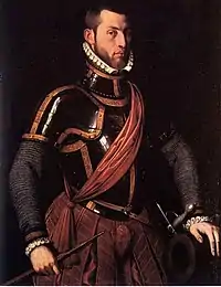 En 1568, le roi Philippe II d'Espagne charge le duc Vespasien Gonzague de construire des fortifications à Carthagène, qui en était dégarnie jusqu'alors. Vespasiano I Gonzaga fit construire une muraille dans le versant le nord du mont grâce aux schémas de l'ingénieur militaire Juan Bautista Antonelli, qui l'édifie de façon que la muraille traverse le mont dans le sens est-ouest. L'utilisation de matériaux de faible qualité provoquent la destruction des fortifications, tandis que le duc Vespasiano I Gonzaga récupéra les sculptures romaines qui furent découvertes durant les travaux.
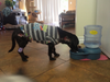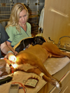 Every morning Bobby would have his bandages removed, which was his favorite part of the day. He would shake off all of the dry sugar from the day before, his ears and tail would perk up and he would take off. I always let him have “naked time” before his new bandage placement and I know he really appreciated it. He would always head outside first and enjoy the sunshine on him for a bit before making his rounds in the hospital. Usually unleashed, he would make a point to trot up to most staff members to say hello or just stare into their eyes like he did so well. He truly loved making friends. After his “naked time” it was back to treatments. Always an amazing patient, Bobby sat quietly while we would laser every wound individually and cleaned him as best we could. We treated him with a nice coat of sugar to help the wounds heal faster and a thick body wrap kept everything clean, sugared and secure, and then he would rest.
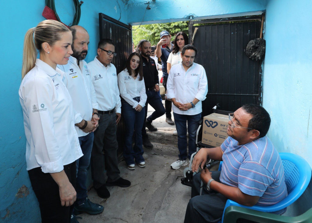 Con el objetivo de mejorar la calidad de vida de las personas que menos tienen, la presidenta del Patronato del Sistema Estatal DIF, Car Herrera de Kuri, unió esfuerzos con el secretario de Planeación y Participación Ciudadana, Antonio Rangel Méndez y con la coordinadora Estatal del Programa Juntos Contigo, Laura Dorantes Castillo, para brindar apoyo a familias de la colonia Felipe Carrillo Puerto, consistentes en despensas y sillas de ruedas.
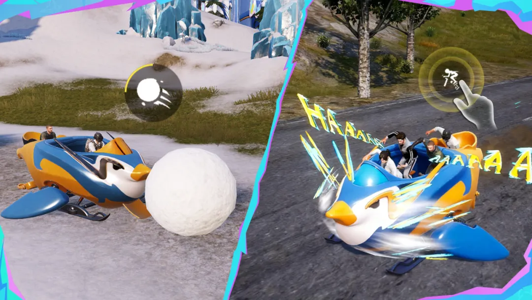 企鹅雪橇车:四人两栖载具 ☆可发射雪球,命中后使目标减速。 ☆支援多人协作驾驶,乘客座可提供支援加速。
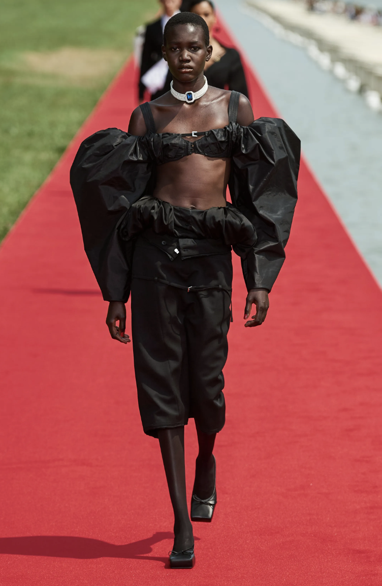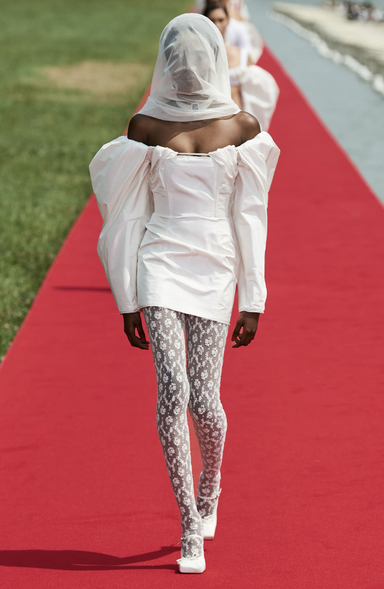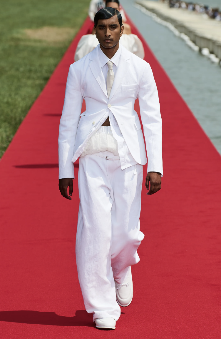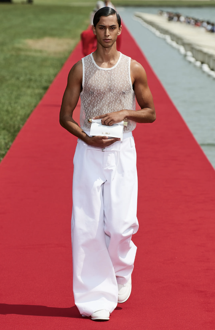 Combinando lujo y accesibilidad, Jacquemus pretendía llevar la opulencia de Versalles a la gente, revolucionando la experiencia de los desfiles de moda. Inspirándose en María Antonieta, la Princesa Diana y el ballet, la colección presentaba siluetas arrugadas, sastrería ingeniosa y accesorios refinados.
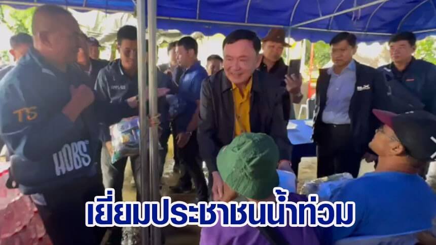 ‘ทักษิณ’ ลุยเชียงราย เยี่ยมประชาชนน้ำท่วม บอกมาตอบแทบบุญคุณพี่น้อง
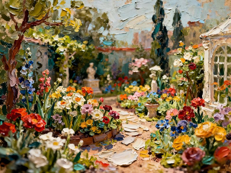 Ein farbenfrohes Gartenmotiv voller Leben und Detailreichtum. Verschiedene Blumenarten in leuchtenden Farben säumen einen kleinen Weg, der durch die Szene führt. Im Hintergrund sind architektonische Elemente angedeutet, die dem Bild eine mediterrane Anmutung verleihen. Die lockere, impressionistische Malweise sorgt für eine lebendige…
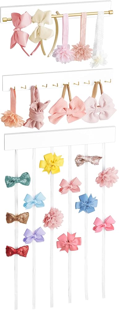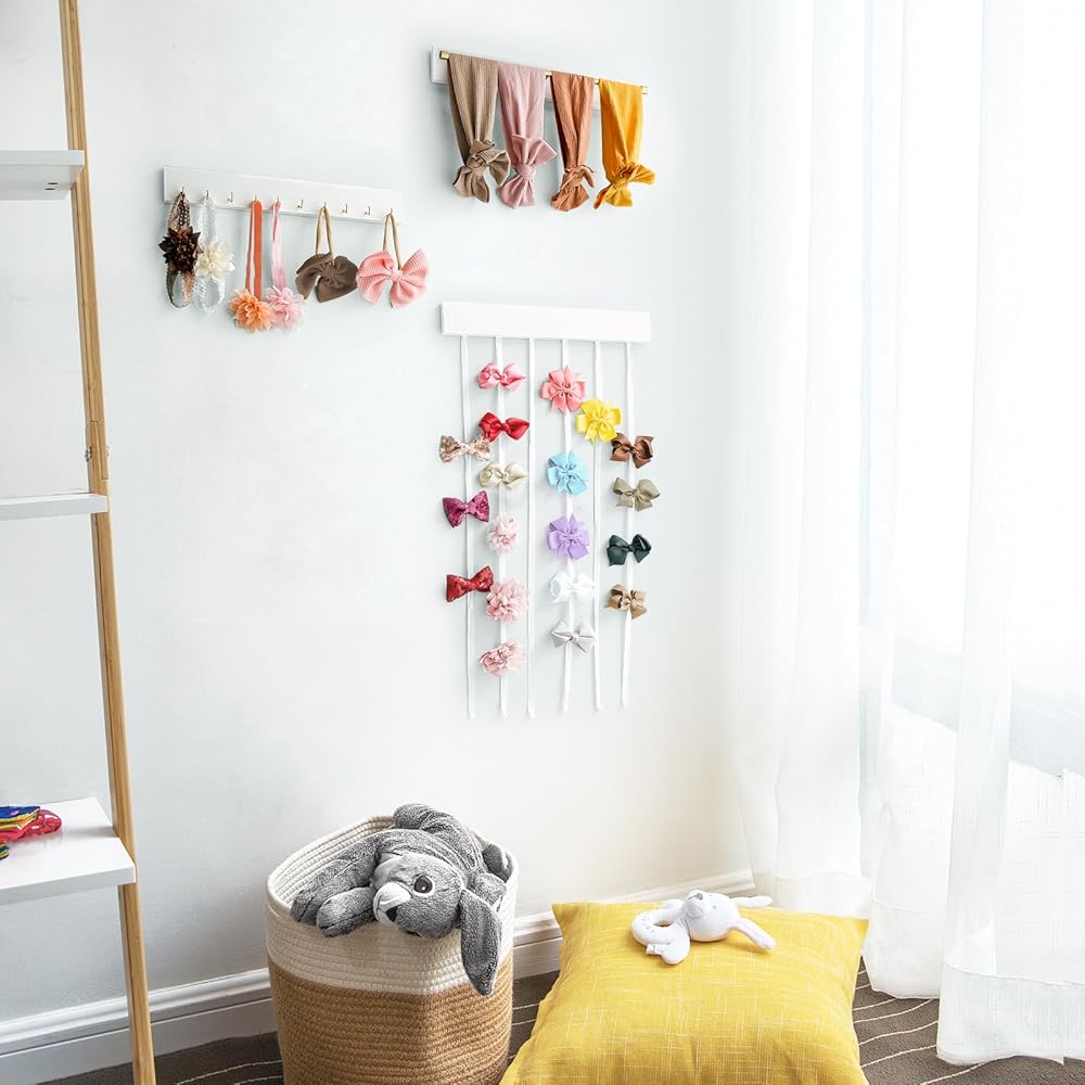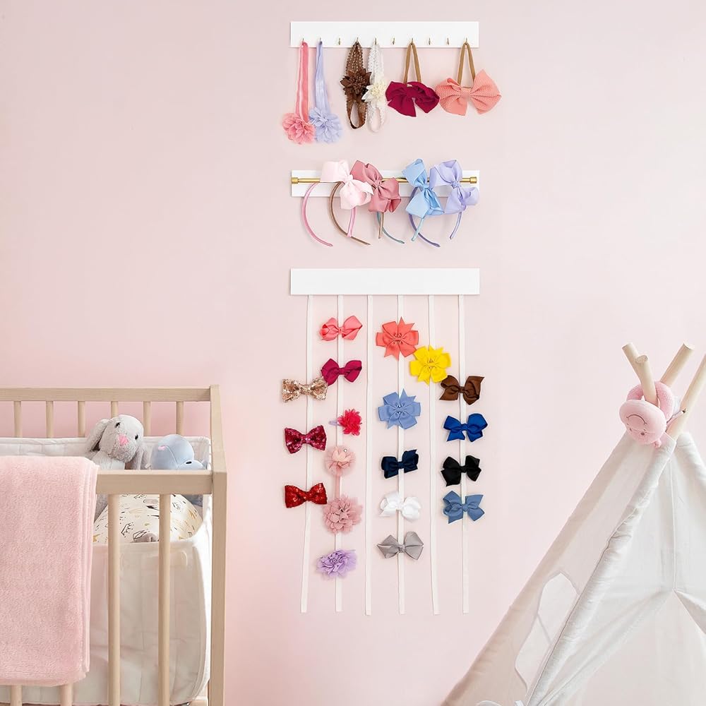 داهي القوس حامل للفتيات الشعر الأقواس المنظم حامل عقال مع شريط معدني و 10 السنانير الحديثة القوس شماعات مجموعة من 3 مقاطع الشعر الخشبية تخزين الفتيات إكسسوارات شعر الطفل لغرفة الحضانة الفتيات
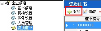 第一步:點擊“企業(yè)信息-資質(zhì)證書”模塊,點擊添加按鈕,添加資質(zhì)證書信息(如圖11-1):
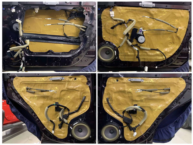 使用大白鲨隔音材料对汽车四门板进行隔音处理
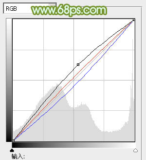 2、创建曲线调整图层,对RGB、红、蓝通道进行调整,参数设置如图2,效果如图3。这一步主要把图片调亮,并增加一些橙红色。
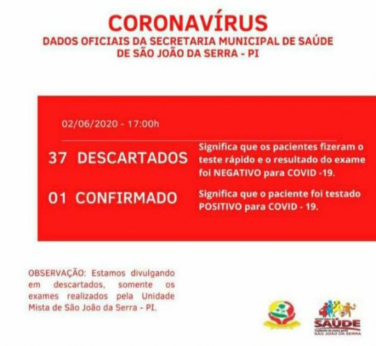 A Secretaria de Saúde do município de São João da Serra registra o primeiro caso positivo de COVID-19. A informação foi divulgada na noite desta terça-feira (02).
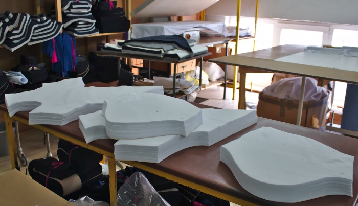 На фабрике ткань раскатывают на раскройном столе и оставляют разглаживаться на несколько часов. Затем закройщицы закрепляют на ткани лекала и с помощью специального ножа вырезают детали изделия.
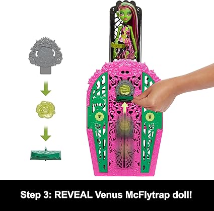 HIGH GİZEMLİ ARKADAŞLAR™ VENUS MCFLYTRAP Bebek Monster High Gizemli Arkadaşlar Gizemli Bahçe oyun seti, Venus McFlytrap bebek, 19’dan fazla sürpriz HYT75
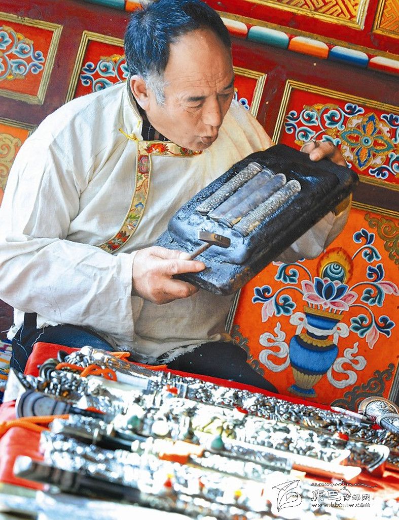 實(shí)際上,河坡藏族手工藝的歷史,可以追溯到1300多年前。自從松贊干布時期,藏王屯兵康區(qū),不斷向東南內(nèi)地?cái)U(kuò)張起,這里就開始了刀槍、戈矛、弓箭等兵器的鑄造。河坡工匠利用當(dāng)?shù)罔F礦土法煉鐵,作為鑄造兵器的原材料。附近的熱加鄉(xiāng)阿仁溝,如今還能見到當(dāng)時的煉鐵遺跡。

· · · · ·

- [What the exercise asks]: Beginning with the line that holds "داهي القوس حامل", extract every line to the end of the material, exactly as it stands, and drop the pictures.

- [Result of the exercise]:
 داهي القوس حامل للفتيات الشعر الأقواس المنظم حامل عقال مع شريط معدني و 10 السنانير الحديثة القوس شماعات مجموعة من 3 مقاطع الشعر الخشبية تخزين الفتيات إكسسوارات شعر الطفل لغرفة الحضانة الفتيات
 第一步:點擊“企業(yè)信息-資質(zhì)證書”模塊,點擊添加按鈕,添加資質(zhì)證書信息(如圖11-1):
 使用大白鲨隔音材料对汽车四门板进行隔音处理
 2、创建曲线调整图层,对RGB、红、蓝通道进行调整,参数设置如图2,效果如图3。这一步主要把图片调亮,并增加一些橙红色。
 A Secretaria de Saúde do município de São João da Serra registra o primeiro caso positivo de COVID-19. A informação foi divulgada na noite desta terça-feira (02).
 На фабрике ткань раскатывают на раскройном столе и оставляют разглаживаться на несколько часов. Затем закройщицы закрепляют на ткани лекала и с помощью специального ножа вырезают детали изделия.
 HIGH GİZEMLİ ARKADAŞLAR™ VENUS MCFLYTRAP Bebek Monster High Gizemli Arkadaşlar Gizemli Bahçe oyun seti, Venus McFlytrap bebek, 19’dan fazla sürpriz HYT75
 實(shí)際上,河坡藏族手工藝的歷史,可以追溯到1300多年前。自從松贊干布時期,藏王屯兵康區(qū),不斷向東南內(nèi)地?cái)U(kuò)張起,這里就開始了刀槍、戈矛、弓箭等兵器的鑄造。河坡工匠利用當(dāng)?shù)罔F礦土法煉鐵,作為鑄造兵器的原材料。附近的熱加鄉(xiāng)阿仁溝,如今還能見到當(dāng)時的煉鐵遺跡。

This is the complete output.